I just learned that Fung Leung, the eldest son of Fung Chun of the Ku Lo Pin Sun Wing Chun lineage just died.  He had had several strokes. 

Fung Chun had become the patriarch or head of the system up until his own death in 2012 at age 93.  When he died he didn't name a successor.   But for all intents and purposes it was his oldest son Fung Leung.   Fung Leung's nickname was "tank" because, even though a relatively small guy, he took care of business!   He was known as the fighter of the family.  I don't know his exact age, but he was likely in his mid-60's.  But if you saw the recent video footage I posted of him on other thread recently you saw that he still moved like a young man!

Chunfai Ng


----------



## KPM (Nov 22, 2017)

__ https://www.facebook.com/video.php?v=10207888781075563
			








__ https://www.facebook.com/video.php?v=10207888768955260
			








__ https://www.facebook.com/video.php?v=10207105808461737


----------



## Cephalopod (Nov 22, 2017)

Very sorry to hear this. Thanks for posting.

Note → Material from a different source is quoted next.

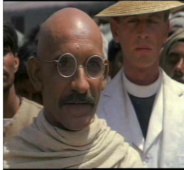
Resimler 4, 5, 6. Gandhi : Kitlenin İçinde Daima Kitleyle Beraber Bir Lider

Alışılmış Hintli liderlere kıyasla, konuşmalarında, tepkilerinde, duygu ve düşüncelerinde sürekli farklılıklar sergilemiş olan Gandhi'nin hayat felsefesinin en temel yapıtaşlarından birisi farklı düşünmeye karşı ortaya koyduğu barışçıl ve demokratik yaklaşımdır. Bu çok önemli karizmatik liderlik vasfını filmin birçok sahnesinde görmek mümkündür.
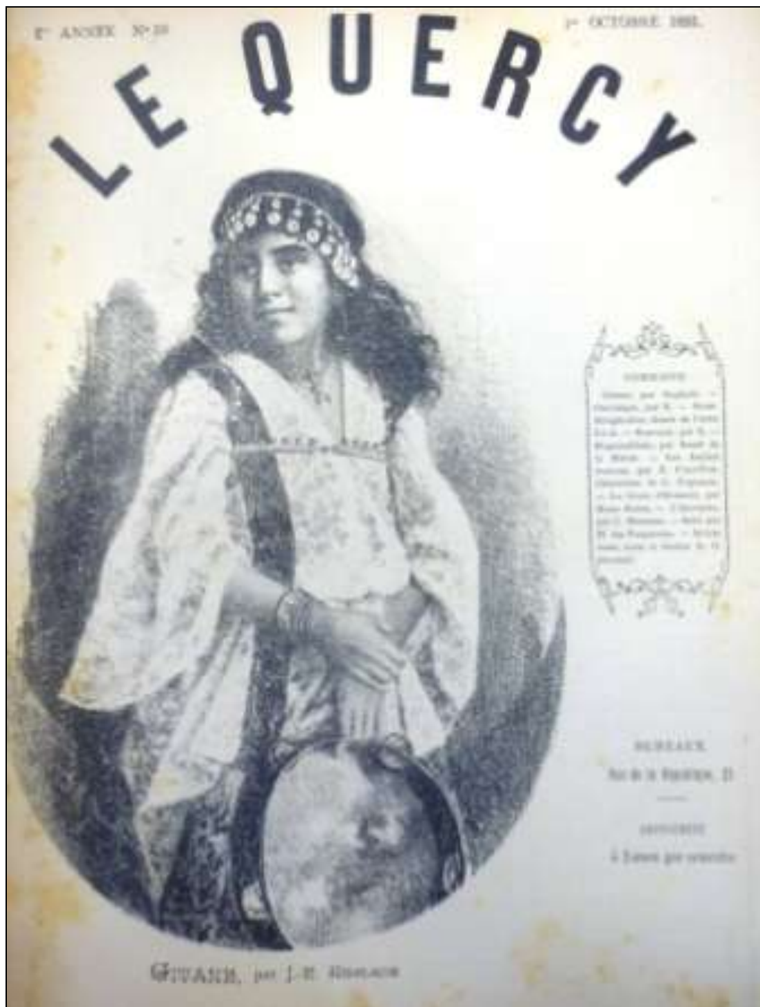
On sort des paysages champêtres avec cette gitane de J-P Anglade.

That seems to be some pretty formidable power generation that he's working on the dummy. I totally believe the "tank" moniker. I wouldn't want to get hit by one of those high velocity shells!


----------



## KPM (Nov 23, 2017)

Here is some more footage of Fung Leung from not to long ago.  He is doing some of the sets, mixing in some "free flow" and even gets a bit "funky" at times!





__ https://www.facebook.com/video.php?v=10212542749661869


----------